Similar associations of daytime napping with the risk of incident T2D were observed in several sensitivity analyses, including further removing participants with a high level of glucose (≥7.0 mmol/L), participants with a high level of HbA1c (≥48 mmol/mol [6.5%]), participants who developed T2D within 2 years of follow-up or participants who took any anti-inflammatory drugs or after adjusting for glucose levels, fasting time, HbA1c levels, or CRP levels (Supplementary Tables S3–S7 in Appendix S1).

We also conducted stratified analyses according to potential T2D risk factors to evaluate whether these factors modified the association between daytime napping and the risk of T2D (Figure 2).

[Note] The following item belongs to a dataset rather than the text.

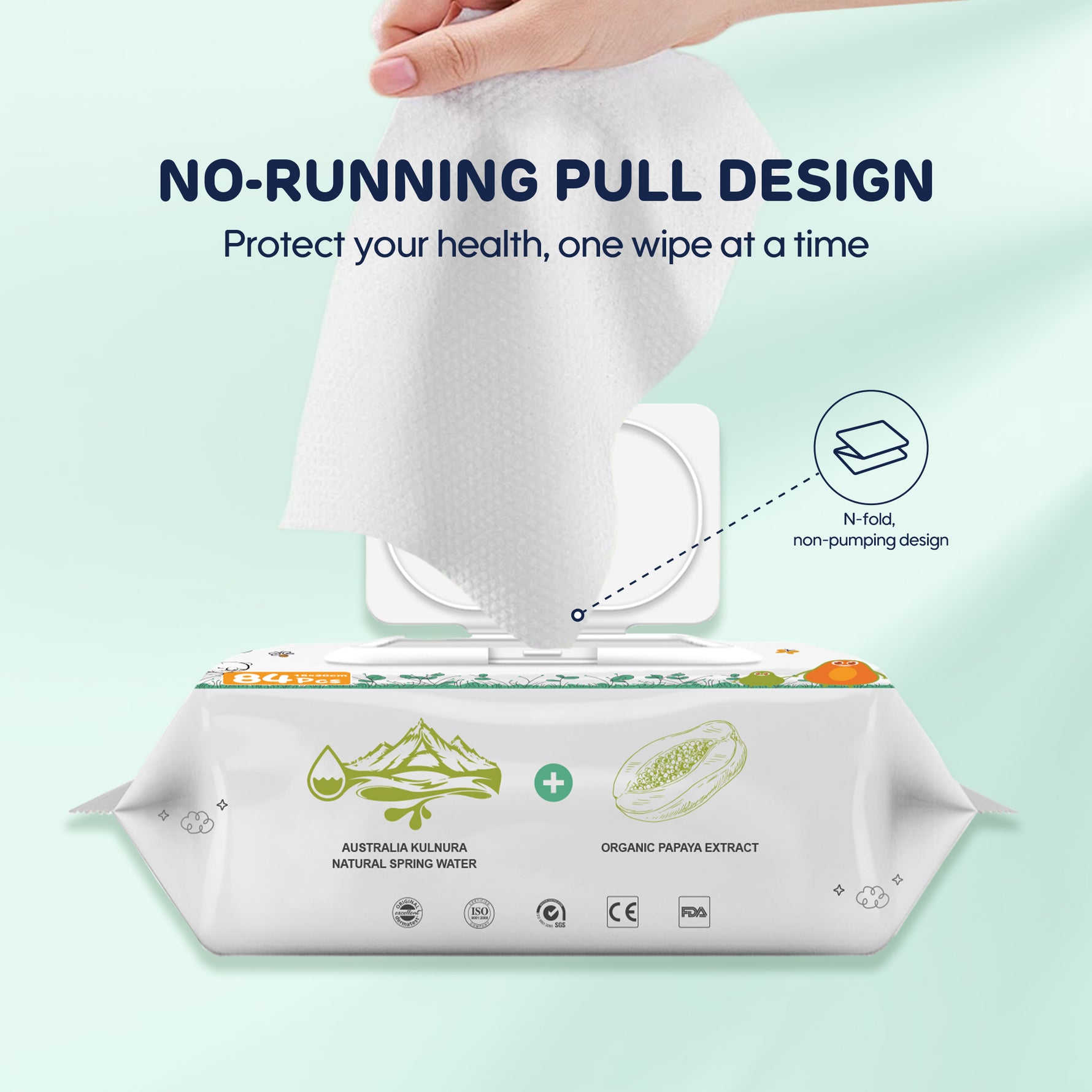 Bu salfetlər papaya, avokado və aloe veranın təbii qidası ilə gündəlik təmizliyinizi təravətləndirir. Hər salfet daha yaxşı təmizləmə təcrübəsi üçün daha qalın və yumşaq olmaq üçün hazırlanmışdır. 99.9% EDI təmiz su ilə bu salfetlər körpənizin zərif dərisi üçün təhlükəsiz və zərif toxunuş təmin edir.

We found that the associations between daytime napping and the risk of incident T2D were stronger among men (p for interaction <.001), White and Black individuals (p for interaction = .011), younger participants (<55 years, p for interaction = .006) and obese participants (≥ 30 kg/m², p for interaction = .032).

3.3 Interaction between daytime napping and CRP levels and BFP levels on the risk of T2D

We first evaluated the separate associations between inflammation, adiposity, and risk of incident T2D. Table 3 shows the HRs for the risk of T2D for quartiles of CRP and BFP levels. Higher levels of CRP and BFP were associated with an increased risk of incident T2D (all p for trend <.001), a one-SD increase in CRP levels (1.1 mg/L) was associated with a 40% increase in the risk of incident T2D (95% CI: 37%–42%), and a one-SD increase in BFP (8.5%) was associated with a 69% increase in the risk of incident T2D (95% CI: 64%–75%).

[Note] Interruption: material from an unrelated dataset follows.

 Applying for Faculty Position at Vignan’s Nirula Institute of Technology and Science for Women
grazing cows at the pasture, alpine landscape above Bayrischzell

Next, we examined the additive and multiplicative interactions between daytime napping and CRP levels and between daytime napping and BFP on the risk of T2D. Figure 3 shows the associations between daytime napping and risk of T2D, stratified by CRP and BFP quartiles, with those in both nonnappers and the lowest CRP/BFP quartile as the reference group. We found an additive and multiplicative effect for daytime napping and adiposity on the risk of incident T2D (RERI = 0.490, 95% CI: 0.307–0.673; p for multiplicative interaction = .009; Figure 3A). Within each daytime napping frequency stratum, there was an increase in the strength of the association with increasing BFP, and the highest risk of incident T2D was observed in habitual nappers in the highest quartile of BFP (HR = 4.45, 95% CI: 3.92–5.06). A similar pattern was observed for CRP, and the highest risk of incident T2D was observed in habitual nappers in the highest quartile of CRP (HR = 3.66, 95% CI: 3.30–4.05). Although the multiplicative interaction between daytime napping and CRP was not statistically significant (p for multiplicative interaction = .089), a similar additive interaction (RERI = 0.266, 95% CI: 0.094–0.439) was observed (Figure 3B). These results remained materially unchanged after performing several sensitivity analyses (Supplementary Figures S2–S5 in Appendix S1).